Some character-driven novels sacrifice pace and tension, but that’s not the case with SWEETHEARTS. From the very first chapter, readers sense there’s a story from Jennifer’s childhood that’s not being told in its entirety. Zarr reveals that story in bits and pieces, snippets of memory and elegantly woven flashbacks throughout the book. All the while, the parts of the story left unspoken create powerful tension.

I read SWEETHEARTS in just a few sittings. When I was away from the book, I spent half my time thinking about the characters and hoping things would go well for them. They grow on you like that. Sara Zarr has written another fantastic novel –- one that celebrates the power of childhood friendships, loyalty, and inner strength. Like STORY OF A GIRL, Zarr’s new release is loaded with realistic characters, hope, and heart. The fabulous cookie cover art delivers on its promise – SWEETHEARTS an absolutely delicious read. 

Why I’m not a brain surgeon

The beautiful part of writing is that you don’t have to get it right the first time, unlike, say, a brain surgeon. You can always do it better, find the exact word, the apt phrase, the leaping simile.     ~ Robert Cormier

I’m revising this month, together in spirit  with jbknowles and her enthusiastic January Revision Club: cfaughnan, eluper, thunderchikin, d_michiko_f, castellucci, ebenstone, dlanthomas, rj_anderson, lisaalbert, resurrection, jmprince, whiskersink, and beeleigh312.

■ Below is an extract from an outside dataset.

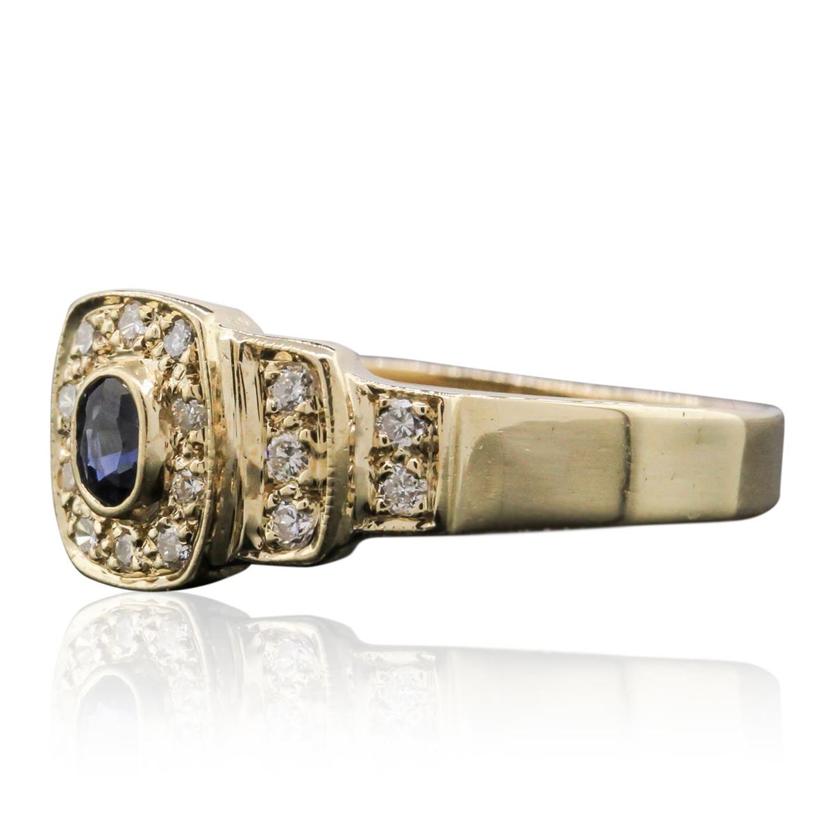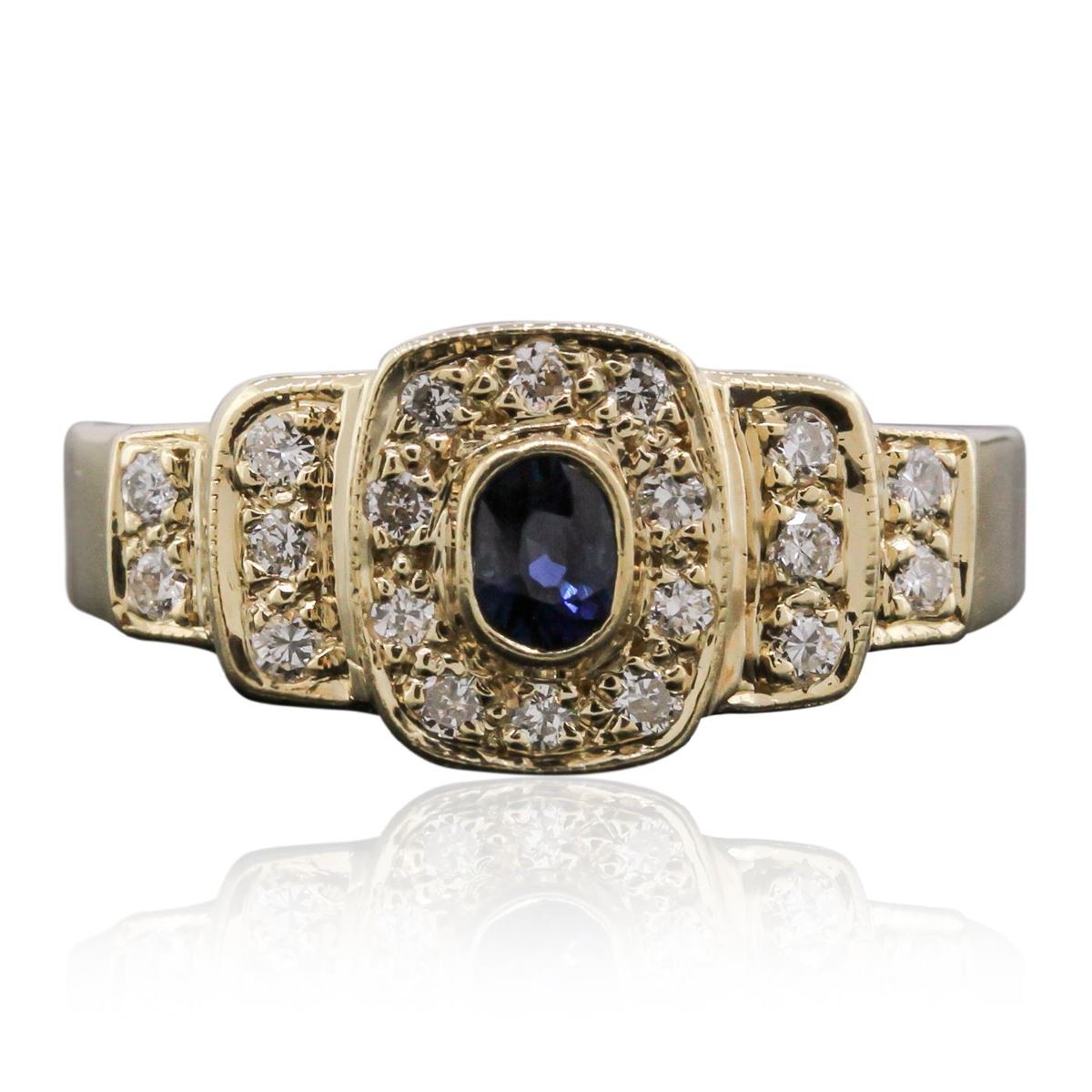 One ring featuring: 14KT Yellow Gold with a total weight of 3.00 grams, Sapphire with a total weight of 0.10ct, and diamonds with a total weight of 0.35ctw.

I’m on my first revision pass on a chapter book currently titled PRINCESS MARTY FROG SLIME AND THE NUTCRACKER BALLET.  It’s too long in some places, too short in others.  The characters talk too much in some places, not enough in others.  It’s random and messy in some places, and there are two minor characters that I introduced in the second chapter and then left to rot. (I have a bad habit of doing that.  You never want to be one of my minor characters…) 

But you know what?  Parts of it are funny and true and almost wonderful.  I keep reminding myself of that while I revise.  I bet parts of your WIP are like that, too.  Revision is sort of like mining for precious minerals.  You have to hang out in the dusty dark hacking away at a lot of junk to find the good stuff.  Not a great strategy for brain surgeons, but perfect for those of us who write for kids.

screen resolution stats

I love librarians!

I spent the evening with a fantastic group of public, school, and college librarians in NALA, the Northern Area Library Association.  Have I mentioned that I love librarians?  Not only did I get to have dinner with them and talk about books all night, but they were a terrific audience for my after dinner presentation and book talk on SPITFIRE.  Here we all are, happy and well fed.

They were also extraordinarily sympathetic when I arrived for the presentation,unpacked my laptop case, and failed to find the adapter that connects my Mac to my projector.  I was sure it was in there.  I never take it out.  Except for two months ago, when I presented at the NYS English Council in Manhattan and didn’t want to schlep that big laptop case all over and put it in a smaller bag instead.  I’ve seen the adapter in that smaller bag at least six times since then and thought, “Gee, you really ought to put that back in your laptop case or you’re going to forget it some day.”  Did I?  No.

The librarians were very understanding when I went tearing out of the restaurant, leaped into my car, and sped home to get the adapter.  I made it back in time for my salad, too.